大抵の港には大きなしゅんせつ工事業の会社がすでにはいっており、これから独立することも難しいといえます。

そのうちの職人の一人として、働くことはあっても、特別元請けにこれからなることは不可能に近い。なんといっても設備投資額がいっぱいレベルではありませんので、元請けになるというのであれば他の業種を探したほうがよさそうです。

しゅんせつ工事業の労災事故例

しゅんせつ工事業の労災事故事例についても紹介させていただきます。

浚渫船のタンク点検中に酸素欠乏症となる

被災者らは、通常どおり前日の午後10時より開始した作業が午前4時30分頃に終了したので、工事部長Aが曳船の船長として浚渫船を繋留地に接岸したが、浚渫作業中に浚渫船が2度ほど右に傾いていたので、傾きの原因を見つけるために手分けして浚渫船各部の点検に取りかかった。

工事部長Aは、配下の作業者Bを引き連れ、まず機関室右舵の後方のマンホールを開けて見たが、傾きの原因がこのタンクではないことが判明した。

別のタンクを調べることにしたが、そのタンクには水が入っていたので、まず、水中ポンプで水を排出することにした。しかし、水は深く傾斜がついているタンクの奥まで入っており、しかも傾斜部には鉄骨材の仕切りがあったため、ホースの先をうまく水面に付けることが困難であったので、タンクの中に入って水を汲み出すことになった。

Bがマンホールから中に入ったが、その直後に叫び声をあげて倒れたので、Aも作業者を助けようと中に入り作業者と同様タンク内で倒れた。

2人は救急隊員にタンク内から救助されたが、2人とも酸素欠乏症のため死亡した。

クレーン船を接岸中、係留ロープに激突された

この工事は、港の航路浚渫(しゅんせつ)を行う工事であり、幅200mの航路を300mに拡張するもので、浚渫(しゅんせつ)区間は延900mであった。

災害発生当日、作業は、港から沖合約8.5km先に位置する島に設置してある移動式クレーン2台をクレーン船に乗せることであった。

クレーン船に乗っていた作業員が、クレーン船に積まれていた小型船を海上に降ろし、アンカーロープを持って、島の桟橋左岸側の岩場近くまで移動して来た。

その小型船がくるのを見ていた被災者AとBは、岩場に打ち込まれたアンカー(くさび)に取り付けられている係留ロープとつなぐ作業の手伝いをしようと思い、2人は、島の桟橋から左岸側の岩場に降りて行った。

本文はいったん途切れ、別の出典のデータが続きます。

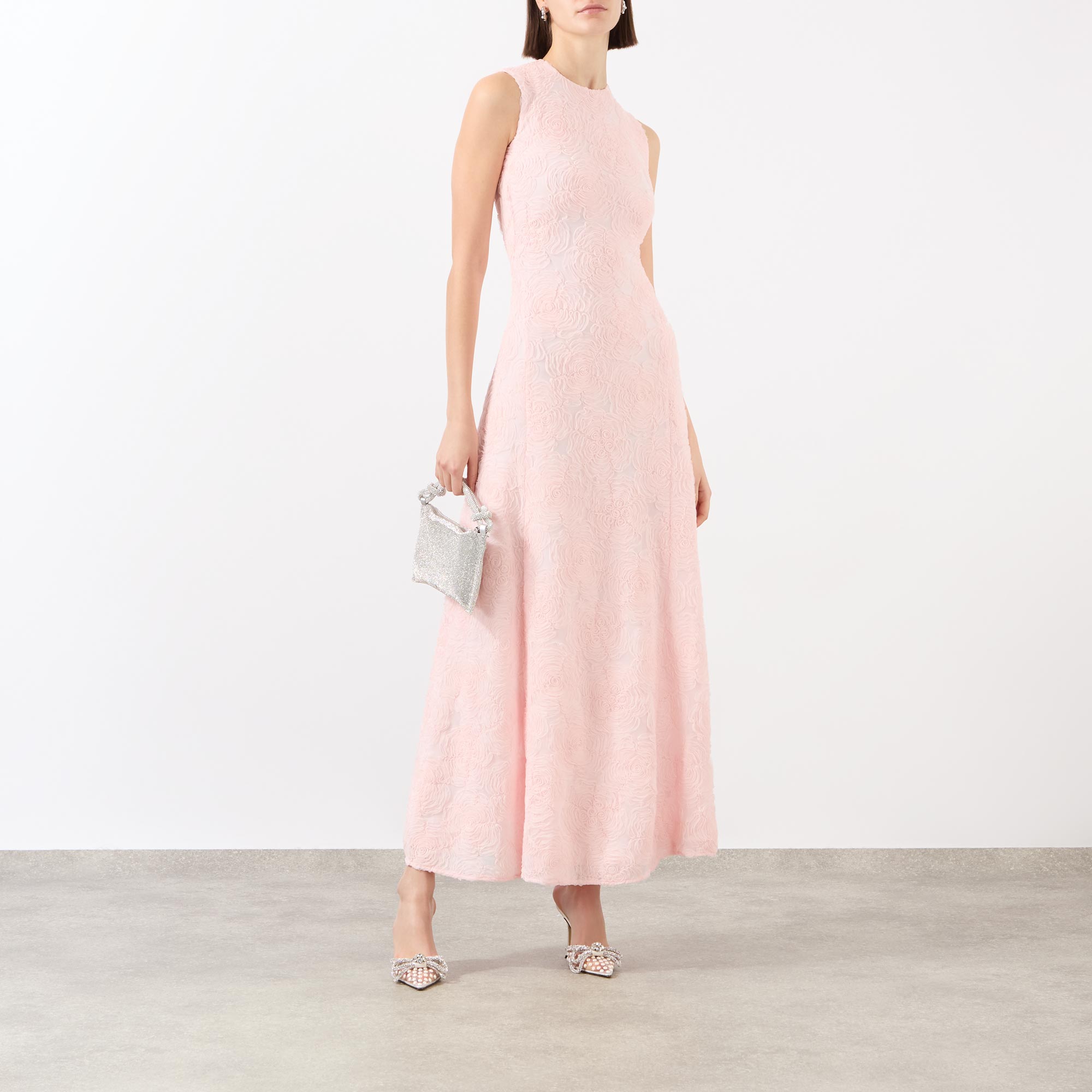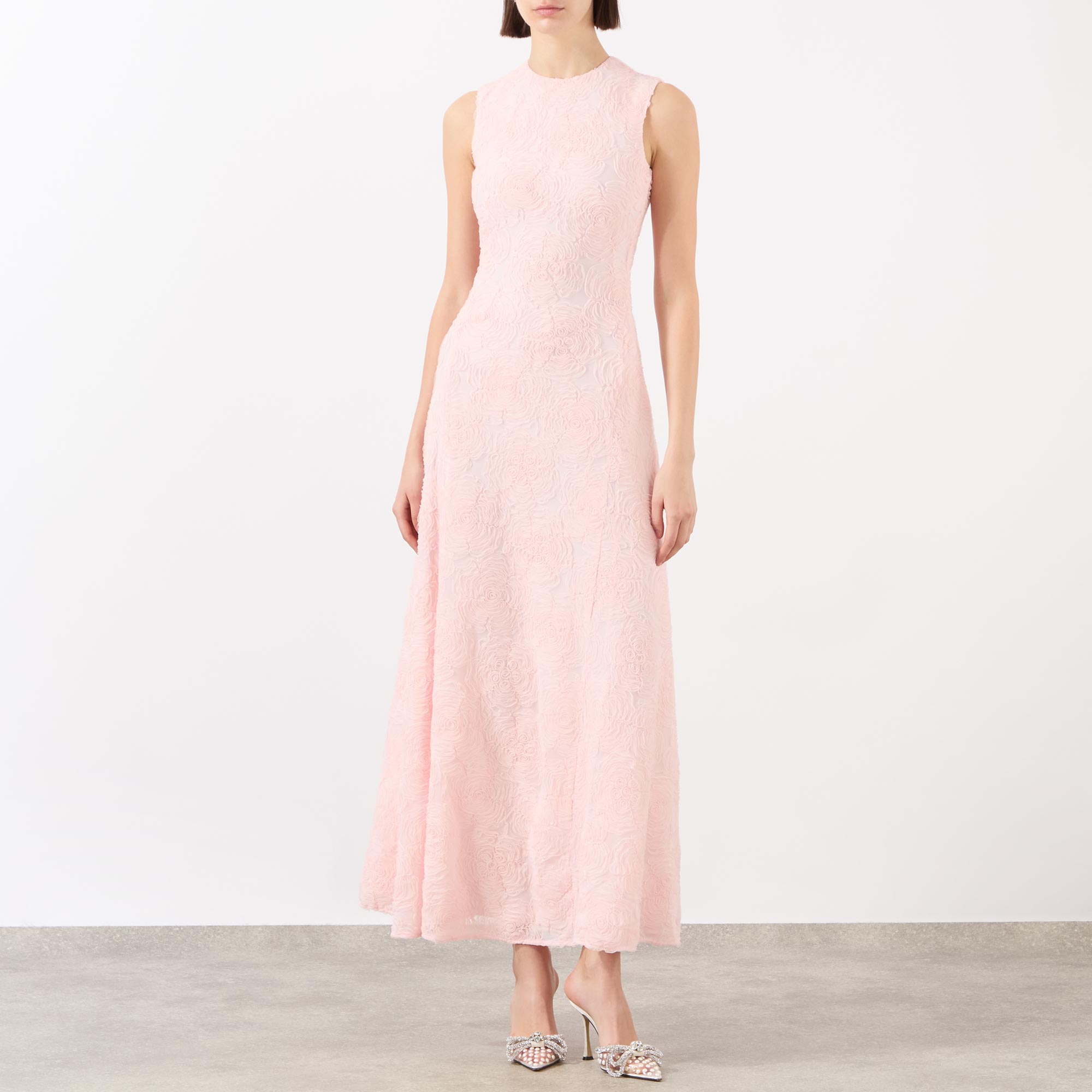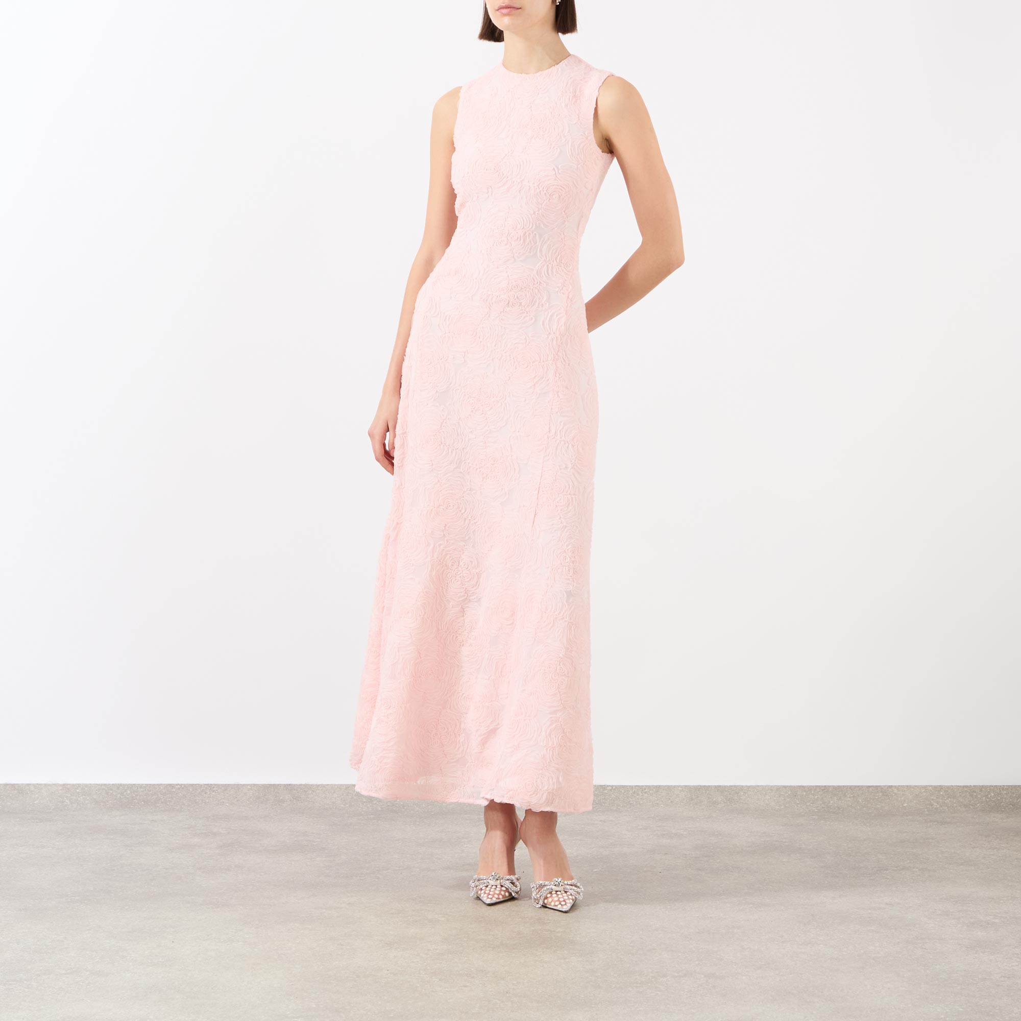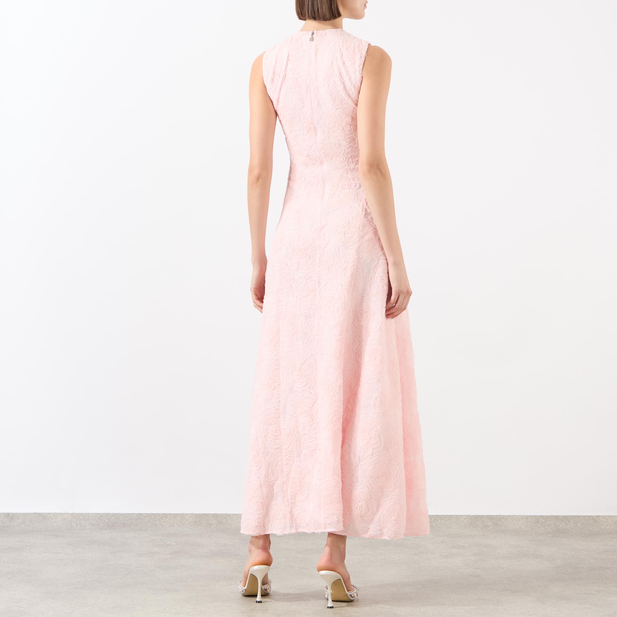 - Round neckline, sleeveless, maxi length, jacquard floral details, zip fastening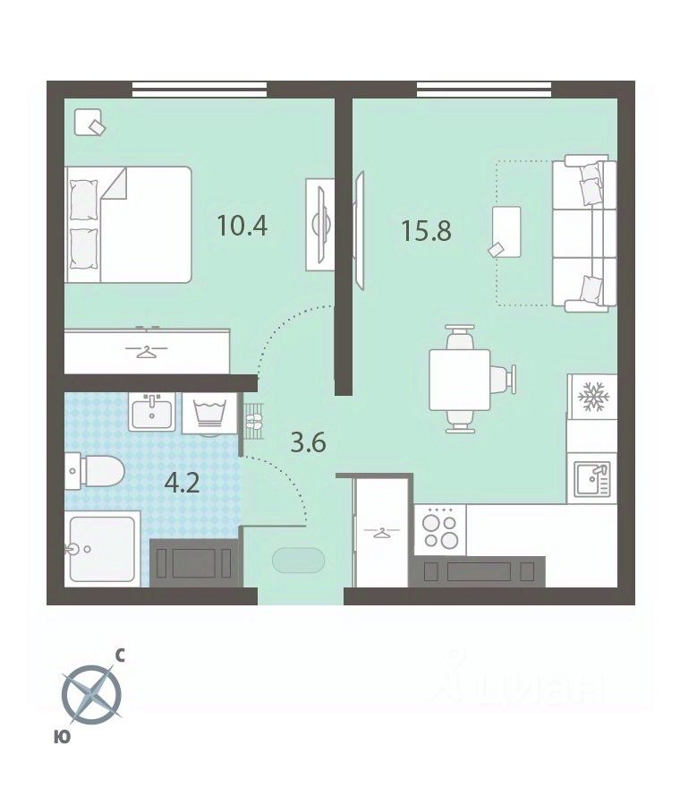 Жилая площадь 10.4 м2, кухня 15.8 м2, чистовая отделка. Раздельных санузлов - нет, балконов - нет, лоджий - нет.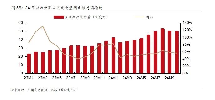 24年以来全国公共充电量同比维持高增。根据中国充电联盟数据,24年以来全国月度公共充电量上升趋势明显,24M1-M10全国公共充电量达446亿度电,同比+56%,其中24M10全国公共充电量达50亿度电,同比+56%。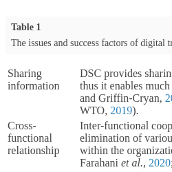 | Training and skills development | DSC requires providing employees with the necessary digital supply chain management skills to ensure an end-to-end understanding of value chain mechanics in digital transformation (Schrauf and Berttram, 2016; Xu, 2014; Luthra and Mangla, 2018; Gezgin et al., 2017). |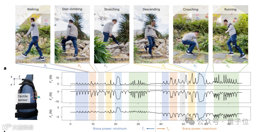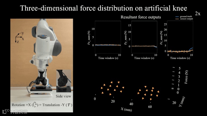 研究人员还展示了柔性PCB基底的触觉传感器在可穿戴设备中的应用。如下图所示,通过将一个具有柔性PCB基底的触觉传感单元放置于膝盖支架(knee brace)内侧,我们可以监测使用者在日常活动过程中膝盖支架与腿部的三维接触力,这展示了三维柔性触觉传感器在健康监测领域的潜在应用。
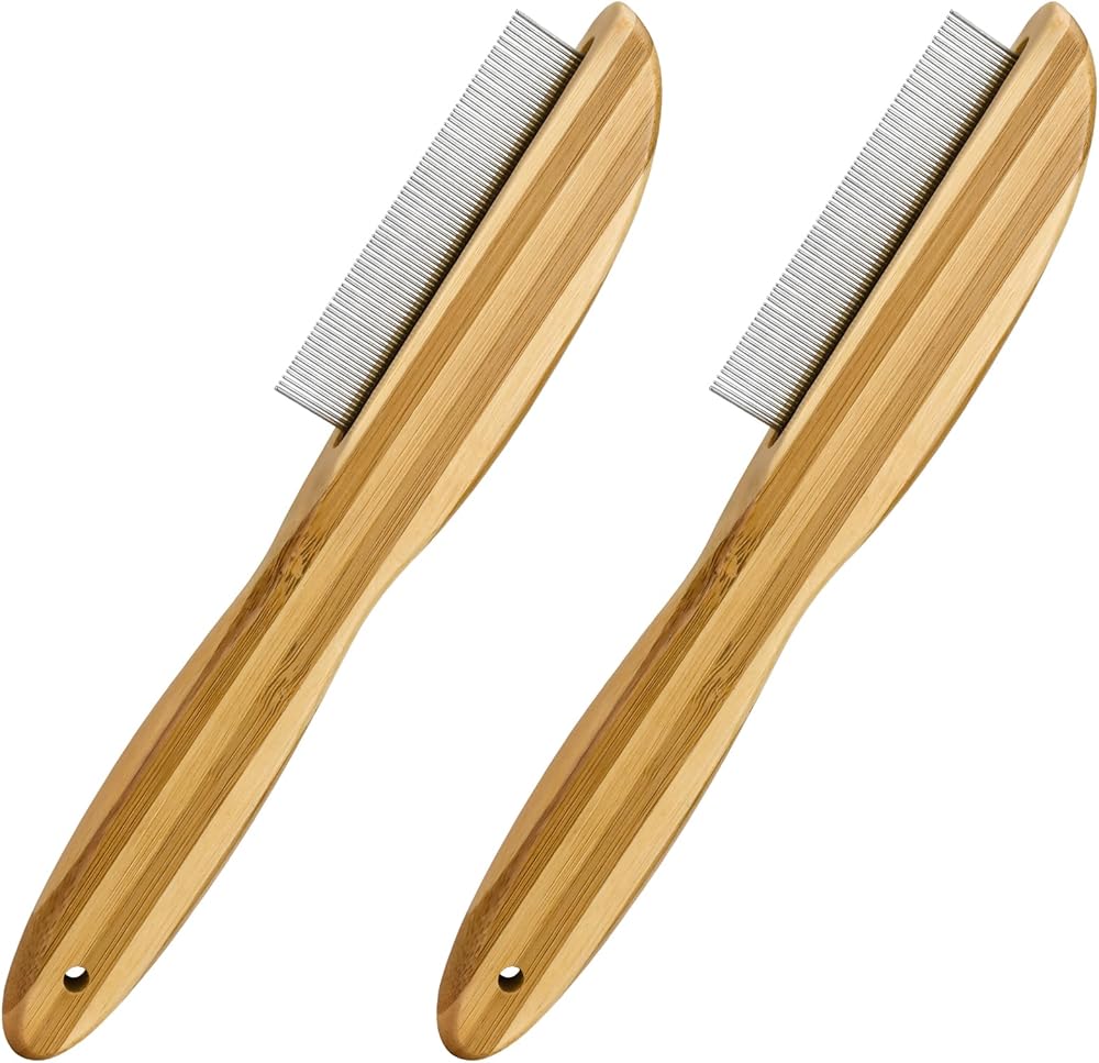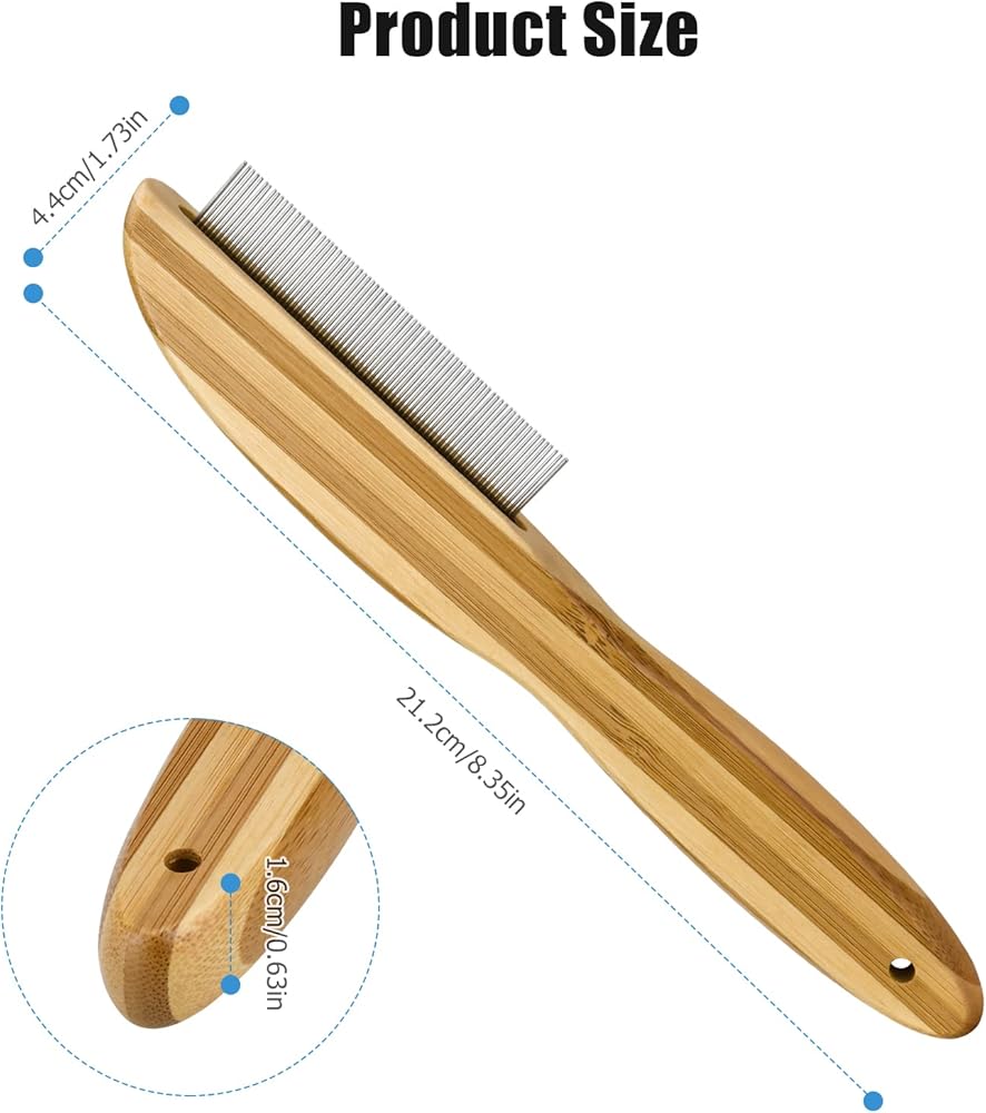 مشط قشرة الرأس مكون من قطعتين، مشط ذو أسنان دقيقة من الفولاذ المقاوم للصدأ ومقبض خشبي ومزيل للقشرة ومشط قمل البراغيث متعدد الوظائف وفرشاة للعناية بالشعر للأطفال والكبار والحيوانات الأليفة والكلاب

被災者2人は、小型船上の作業員からアンカーロープ(直径45mm)を受け取り、これに係留ロープ(直径22mm)をシャックルでつないだ。その直後、2人が桟橋の方に戻ろうとしたとき、2人の背後から係留ロープが飛んできて2人に激突した。

しゅんせつ工事業の一人親方のまとめ

しゅんせつ工事業の年収は建設業の中では少し高め、しかも仕事量は安定していて不況に強い業種と言えます。

しかし、しゅんせつ工事は一人親方が元請になることはなく、資格なども必要とされています。

ですから元請けになれないので一人親方として年収は上げにくい業種と言えるでしょう。